The Fed adalah badan swasta. Bank Indonesia adalah bank pemerintah. Orentasi mereka berbeda. BI waktu itu membeli semua hutang-hutang yang gagal bayar. BI mencetak duit sehingga rupiah hancur, 80% nilainya lenyap.The Fed mungkin tidak membeli semua hutang yang gagal bayar. Bisa terjadi revolusi. Ingat bahwa kebanyakan revolusi dalam sejarah, dipicu oleh krisis ekonomi dan merosotnya tingkat kehidupan........, saya tidak tahu apa yang ada di pikiran ketua-ketua the Fed.

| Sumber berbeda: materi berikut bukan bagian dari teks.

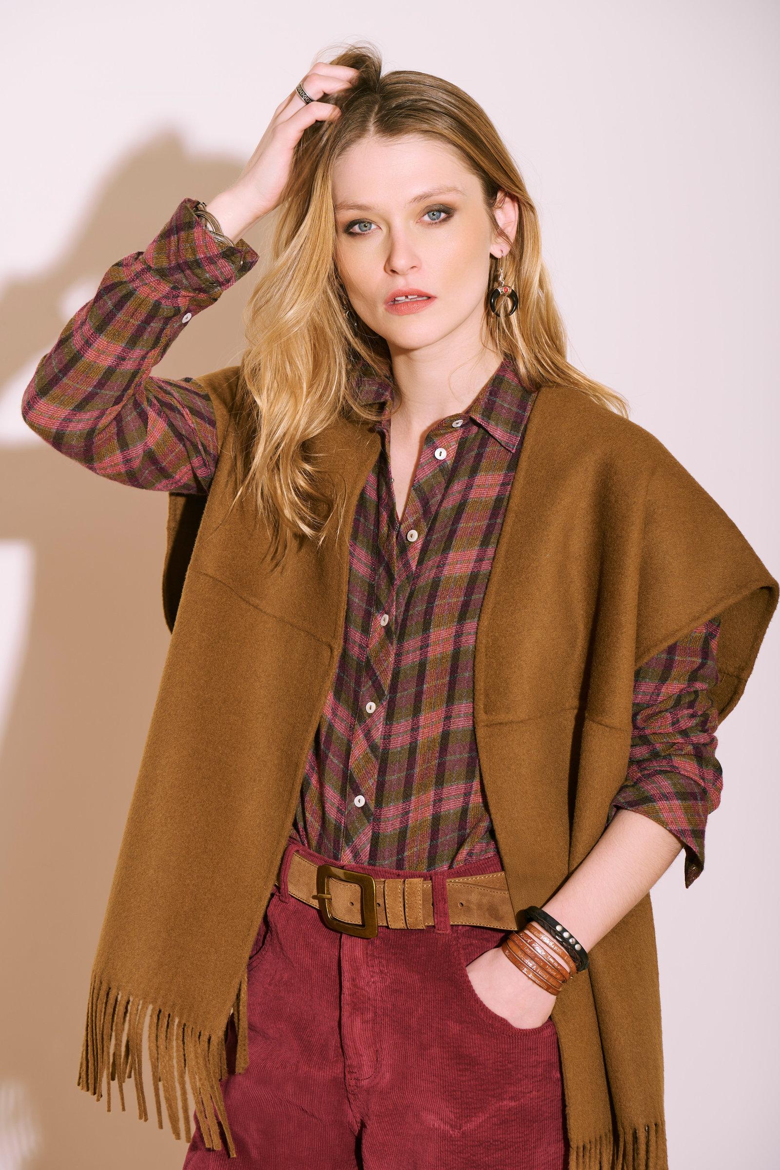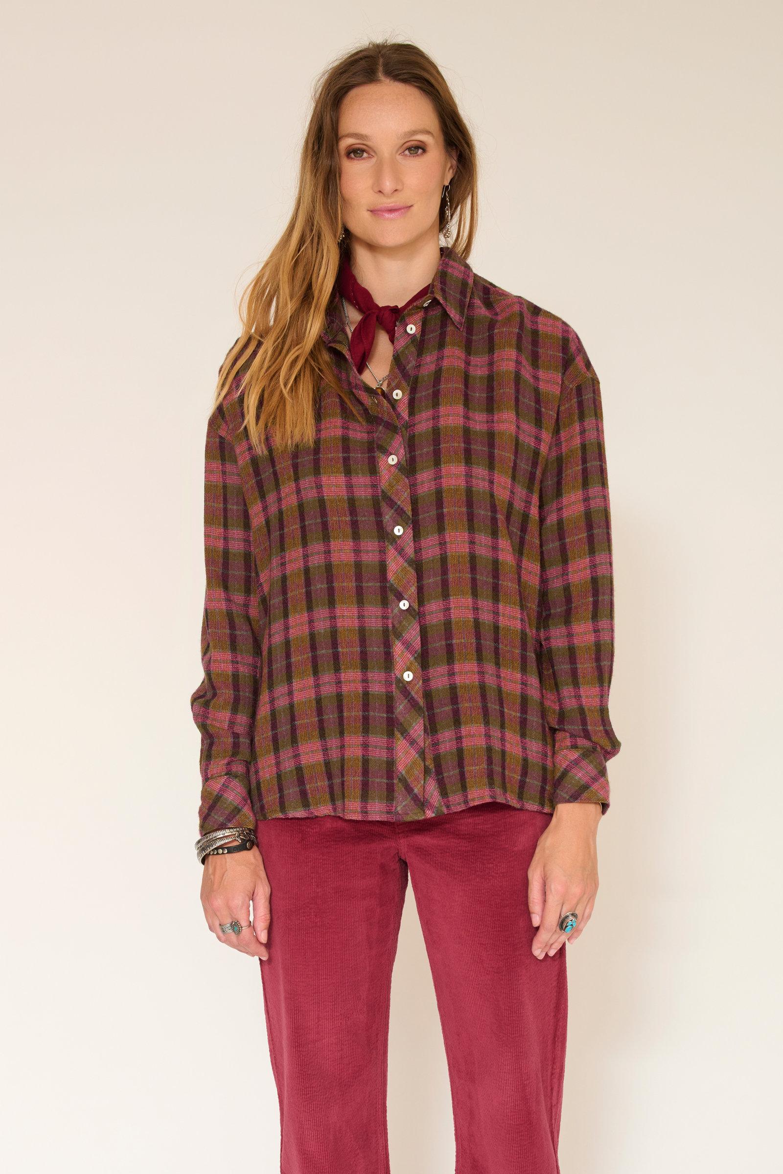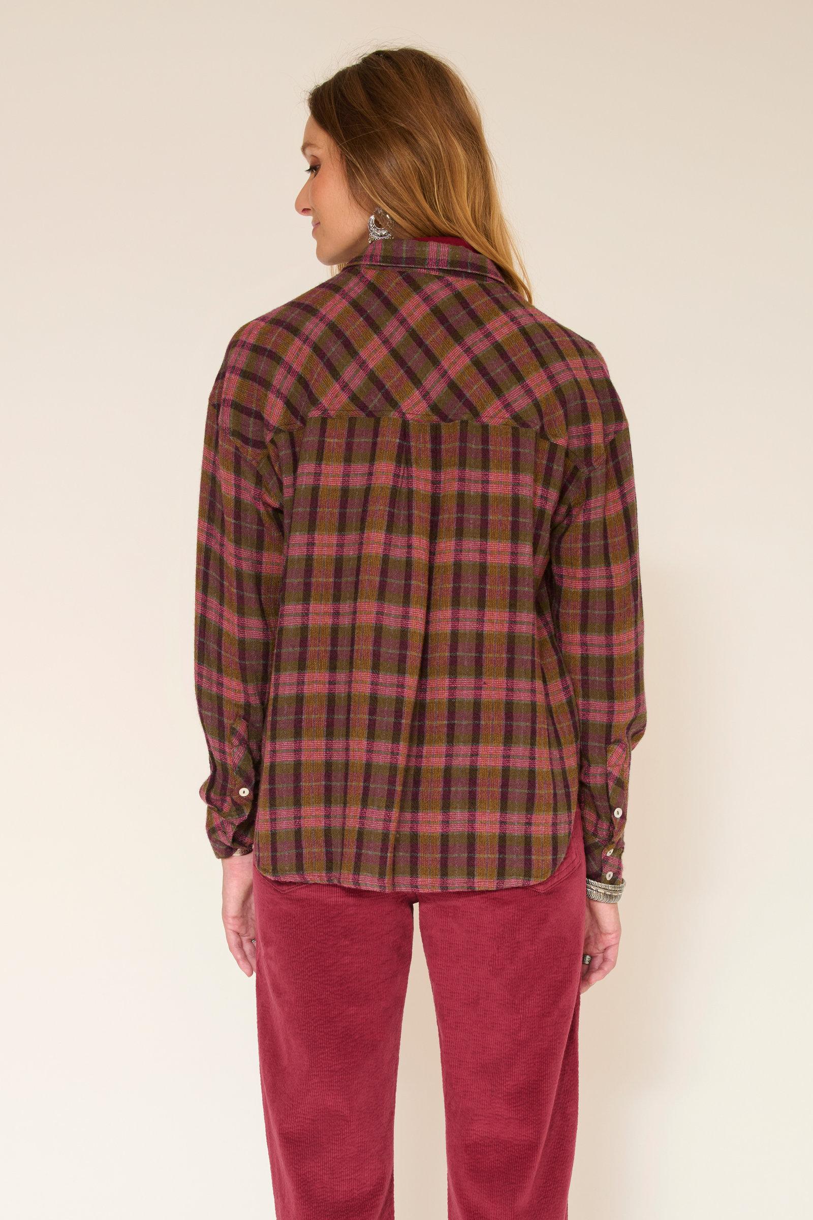 La camisa CALIBA CHECKS es una prenda imprescindible en cualquier armario moderno, ya que combina comodidad y estilo casual. Con su estampado de cuadros en cálidos tonos burdeos, verde y morado, le da un toque otoñal a tu look.
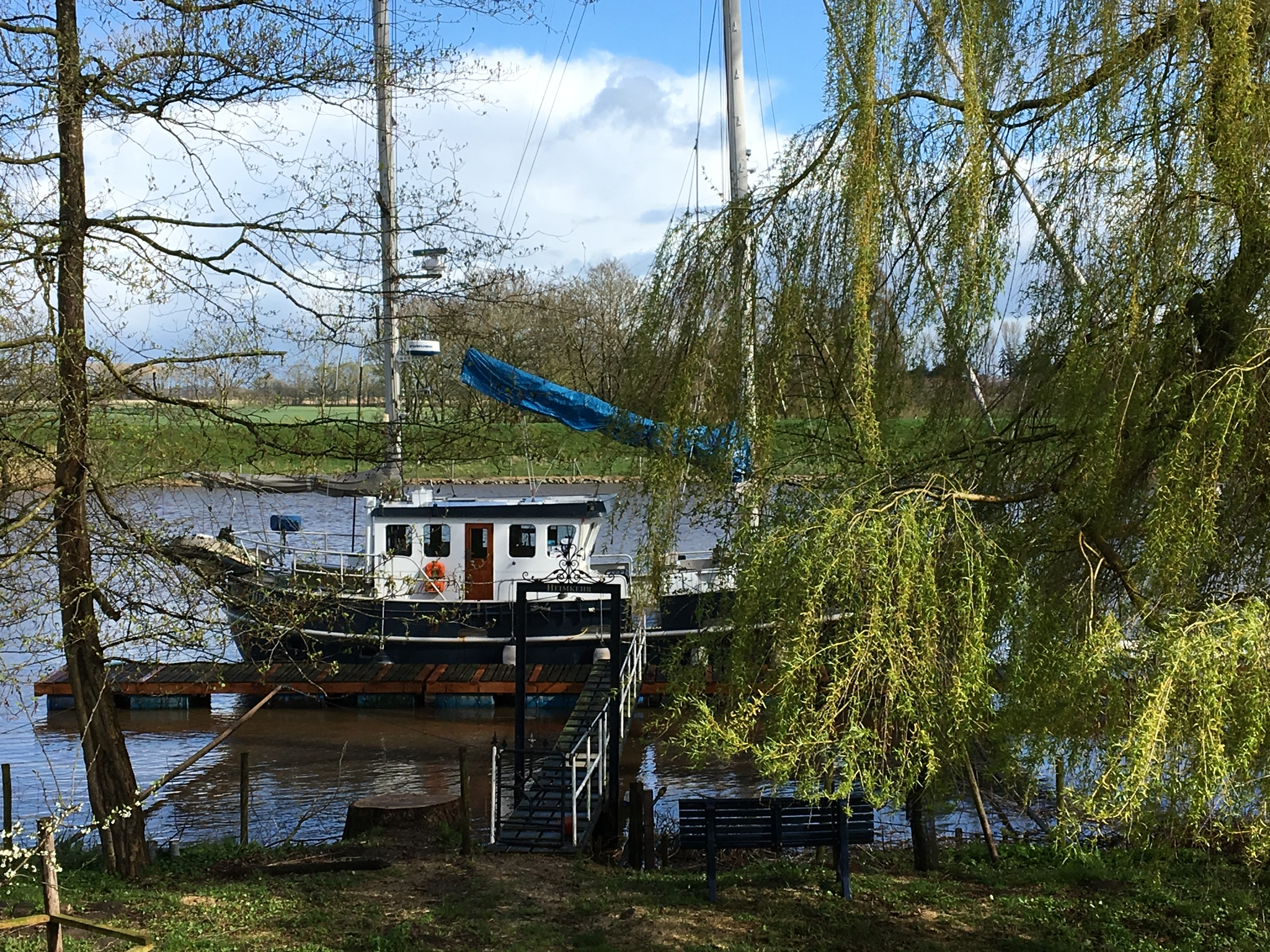 ..Oberndorf. Heute Punkt 11 Uhr haben Jörn und Dirk unsere letzten Leinen losgemacht. Mit über 50 Freunden hatten wir ein leckeres Farewellfrühstück auf dem Ostekieker, der schwimmenden Kultkneipe auf der Oste.
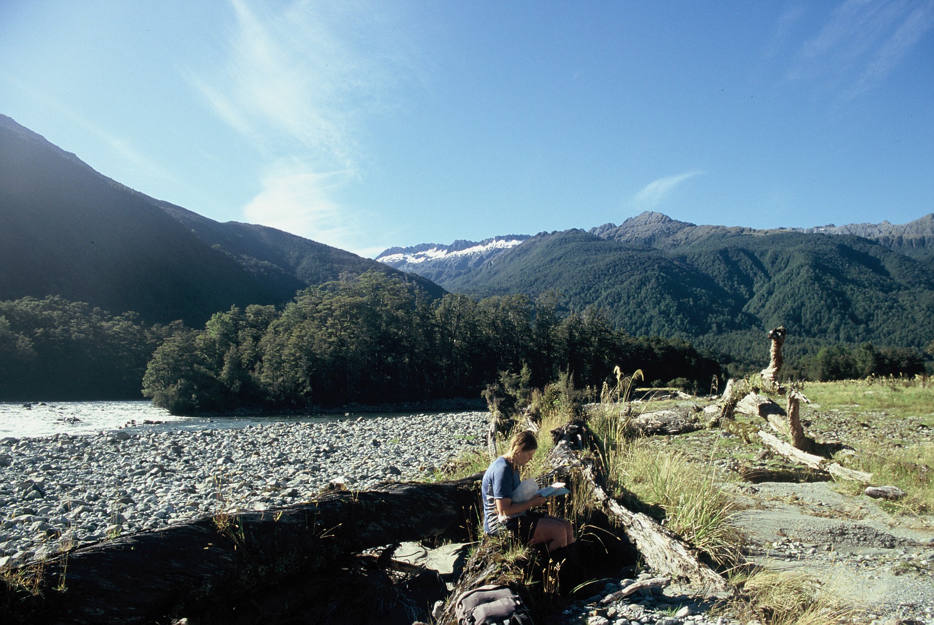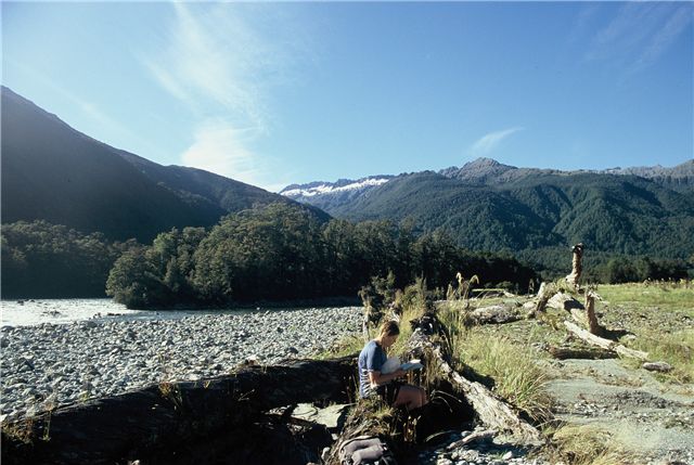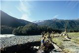 The Cascade is the largest unbridged river in New Zealand. It seperates the Olivine range from the Red Hills range. Note ultramafic rock on Olivine range on skyline.
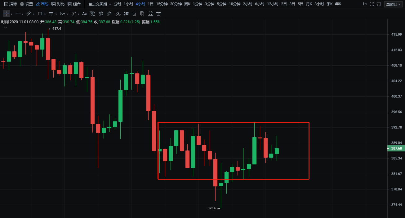 以太坊四小时级别来看价格整体保持区间震荡,从趋势来看目前趋势还未转换,布林带呈缩口向下运行,价格于布林带中轨附近运行。各均线缠绕运行,继续关注区间破位情况。幅图指标MACD于0轴下方金叉运行,KDJ指标三线粘合运行,RSI指标三线拐头向上运行。上方压力位395,下方支撑位380。操作上高空低多为主。
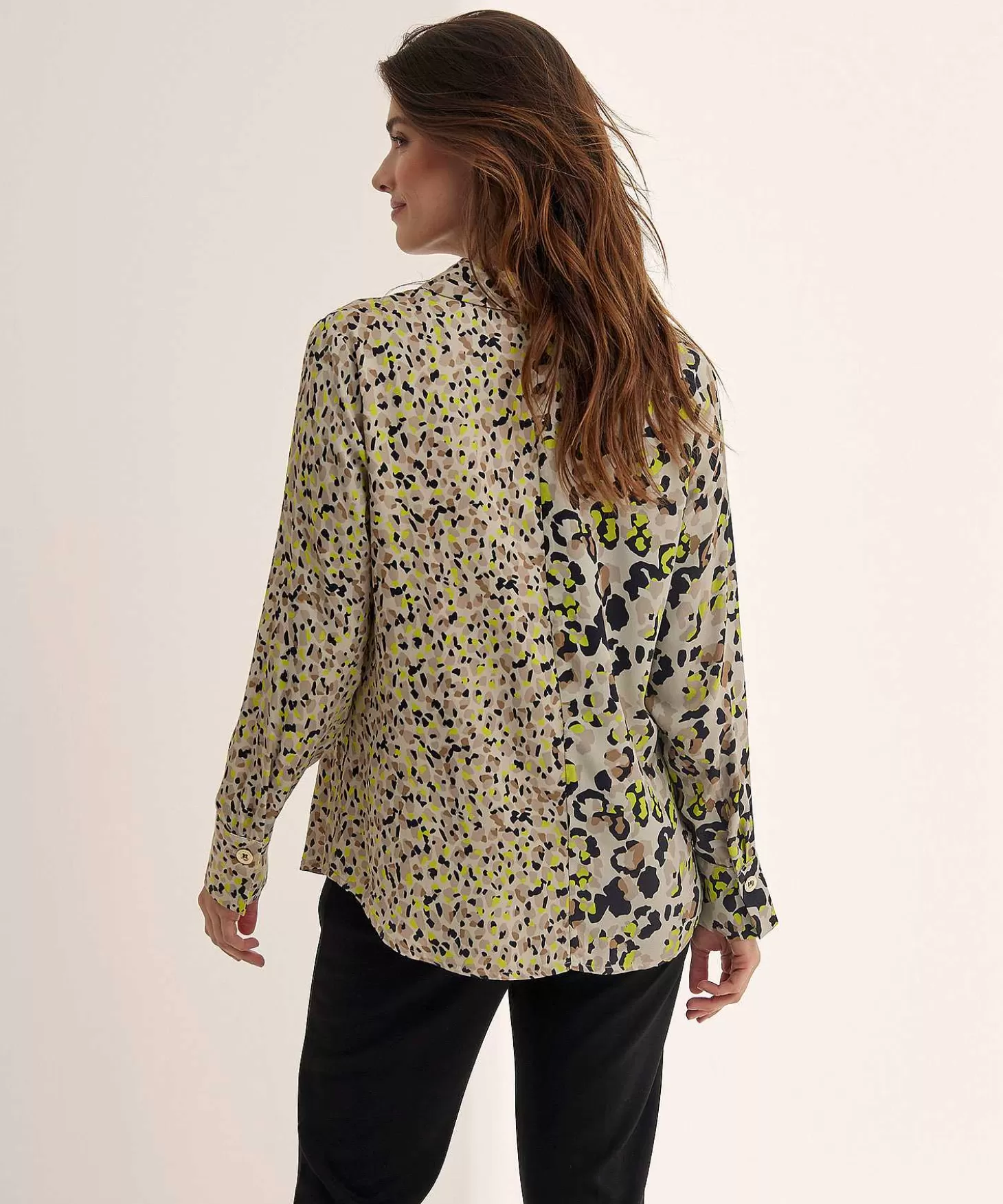Een Dierprint In Een Kleine En Een Uitvergrote Versie Gecombineerd In Één Blouse En Afgewisseld In De Panden. Deze Bl…

Poole: "The Fed can provide liquidity support but not capital".
Artinya the Fed tidak menanggung kerugian yang menimpa bank-bank yang terkena eksposure toxic CDO. Kesempatan untuk mengambil posisi short di sektor finansial. Itulah sebabnya saya punya posisi short di XLF, ETF untuk sektor finansial.
Krisis liquiditi adalah akhir dari liquidity boom. Seperti boom dan mania, biasanya berakhir dengan adanya pergeseran-pergeseran di sektor finansial dan re-pricing asset-asset yang mengalami bubble. Pertanyaannya apakah anda mempunyai asset-asset yang sudah bubble? Kompas, suatu harian umum meluncurkan indeks Kompas-100. Biasanya akhir dari suatu bubble ditandai bila awam sudah ikut ke dalam mania dan investasi. Berhati-hatilah......, dalam krisis selalu ada peluang.